On Unstructured Data, Vector Databases, New AI Age, and Our Seed Round.
Andre Zayarni
·April 19, 2023
Vector databases are here to stay. The New Age of AI is powered by vector embeddings, and vector databases are a foundational part of the stack. At Qdrant, we are working on cutting-edge open-source vector similarity search solutions to power fantastic AI applications with the best possible performance and excellent developer experience.
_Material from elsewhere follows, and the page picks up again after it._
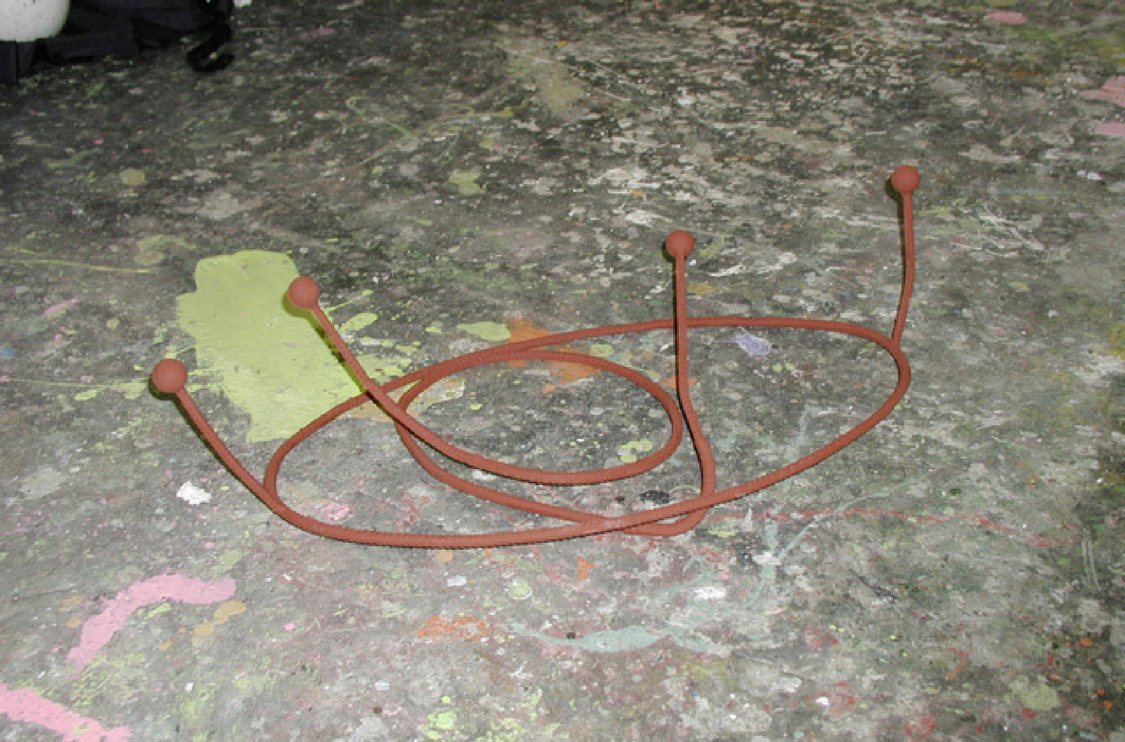
Atelier Esteplatz, 2002, Foto: Atelier Franz West

Our 7.5M seed funding – led by Unusual Ventures, awesome angels, and existing investors – will help us bring these innovations to engineers and empower them to make the most of their unstructured data and the awesome power of LLMs at any scale.
We are thrilled to announce that we just raised our seed round from the best possible investor we could imagine for this stage. Let’s talk about fundraising later – it is a story itself that I could probably write a bestselling book about. First, let’s dive into a bit of background about our project, our progress, and future plans.
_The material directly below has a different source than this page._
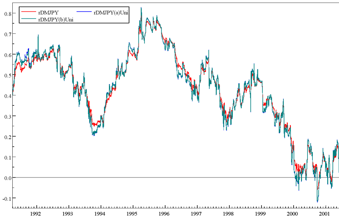
Fig. 4. Dynamic conditional correlations of the DM(EUR)/USD and the JPY/USD returns, including those from columns (a) and (b) of Table 6

2.5. Robustness analysis. Having found evidence that unilateral interventions are more productive as opposed to coordinated interventions of 2 or 3 central banks under the G4 assessment, as the former affect returns and in minor cases reduce volatility, in this section several robustness checks are being performed. In order to check the robustness of the results regarding the impact of the
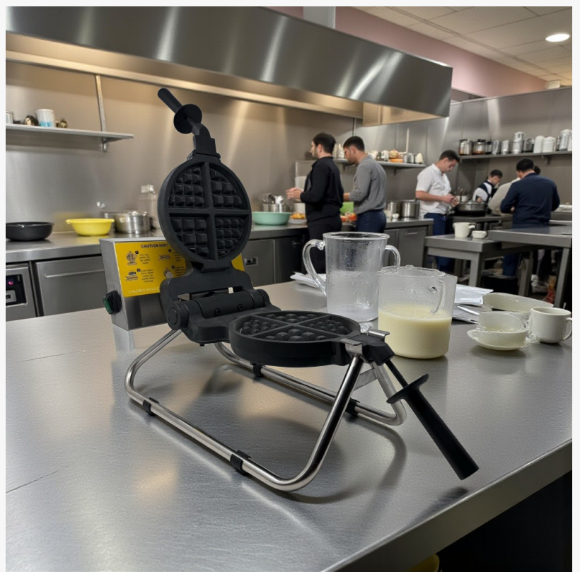
Award Winning Waffle Machine

The company's growing distributor network is helping make Golden Waffle more accessible to operators across the UK, with wholesalers recognising the opportunity to supply a premium waffle system that supports both foodservice customers and their own sales growth.

A need for vector databases.
Unstructured data is growing exponentially, and we are all part of a huge unstructured data workforce. This blog post is unstructured data; your visit here produces unstructured and semi-structured data with every web interaction, as does every photo you take or email you send. The global datasphere will grow to 165 zettabytes by 2025, and about 80% of that will be unstructured. At the same time, the rising demand for AI is vastly outpacing existing infrastructure. Around 90% of machine learning research results fail to reach production because of a lack of tools.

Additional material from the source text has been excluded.